Thursday, April 18, 2013

Drinking

   Well, I guess this is as good a place to confess something as any. I quit drinking exactly 19 days ago. Am I an alcoholic? No. Have I lost a job, kid, wife, girlfriend, or fuck all? No. I just wanted a change of pace. I keep telling myself that I don’t need a drink. That another day without is another day that I feel stronger, faster, slimmer, smarter, friendlier, and this is all true. About four days into this self initiated sobriety I recieved a call from a bitching ex-girlfriend, and that didn’t even shake my resolve.
   I had always thought of myself in Hunter S. Thompson terms, but until you are 24 years into it, and that is completely literal (twenty four fucking years into it), don’t come to me thinking you know how to deal with the process of suddenly having clear thoughts. That is 24 years of fist fights, vomiting, shaking from too much, shaking from too little, breaking hotel lobby coffee tables, driving OD’ing friends to the ER, helping strippers vomit in your bathtub so they can aim better than in your toilet, fucking for 48 straight hours, knocking on random doors for shotgun shells, stealing clothes from midget strippers, trying to break into art museums at 4 in the morning, etc. Do not blame me for not knowing how to process my thoughts into words, words into actions, and actions into something satisfying. I’m just as lost in this as anyone else. Am I trying to prove a point to any one? No. Am I trying to prove a point to myself? No. So, what happened? I don’t know. I really don’t.
   I just woke up one morning, looked at both the girls laying on either side of me, and asked, “Do ya’ll want breakfast? I can even make ya’ll mimosas.”
    “Mimosas for everyone!!!”, the brunette said, half elated, half hangover whispering through her lips.

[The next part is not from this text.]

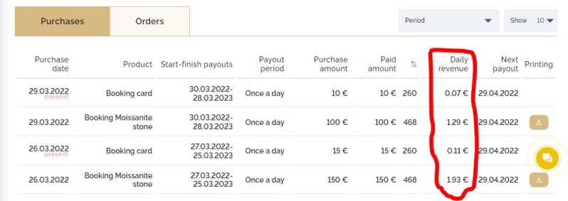 Avec le Bonus de 10% (100 = 10, 150 = 15) et 2% de cashback lors de la promotion : (vous voyez sur cette image les gains journaliers)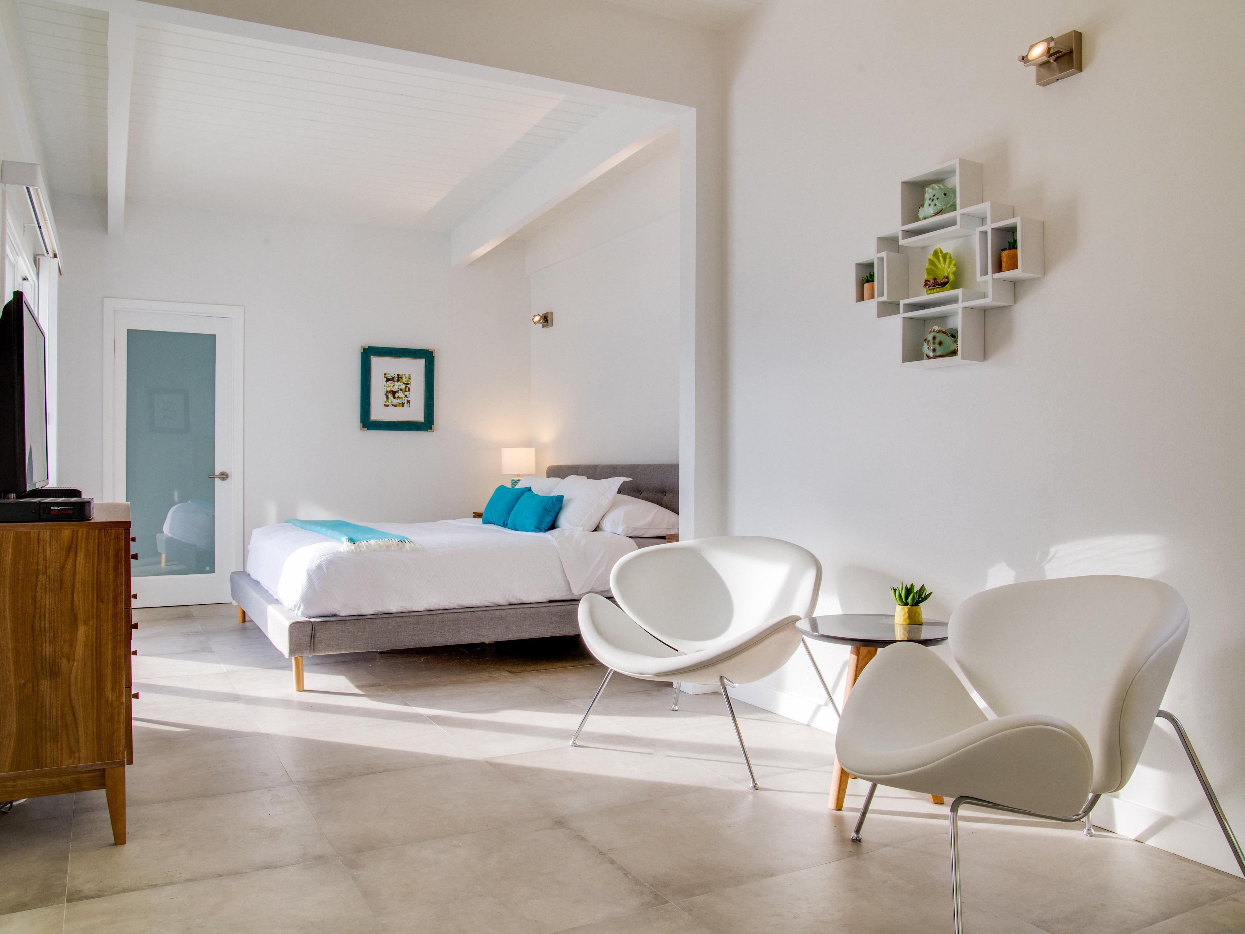 All of the sleeping quarters feature comfortable hotel-quality mattresses, ample storage, and flat screen televisions. The master bedroom offers a king-sized bed, an en suite bath and a sitting area. The two Queen guest rooms share easy access to the spa-like hall bath. The separate king-sized casita (guest house) offers direct pool access, a wet bar with breakfast counter, a wine fridge plus a game table that doubles as a great work space for those who need to mix a little business with pleasure.

    To which I said,”No, just for ya’ll. I think I’m gonna take a little break.” That was my decision that morning, and that has remained my decision for 19 days now. I’m not going to lie. I want a drink. Somedays worse that others. Yet, every morning I wake up and get out of bed, instead of dragging myself out of bed, and I am…fuck it…..I’m happy. Happy like a retarded kid that just got some basic arithmetic right. It’s dumb, it’s small, but it’s satisfying.
     I don’t know why I wrote this. I think it was because I just saw a picture of some delicious Gin, and my mind told me how awesome it probably tasted. Maybe it was because I just thought about a pair of young breasts, and how nice it would be to pour Jack down them, laying my tongue on her belly button, to catch it like a thirsty dog. Maybe it’s because this is what you do 19 days into sobriety. You reflect, and feel like an idiot for telling anyone about a minor accomplishment. Fuck, I don’t know. I just know that 19 days ago, I stopped, and yet, at the same time, I started.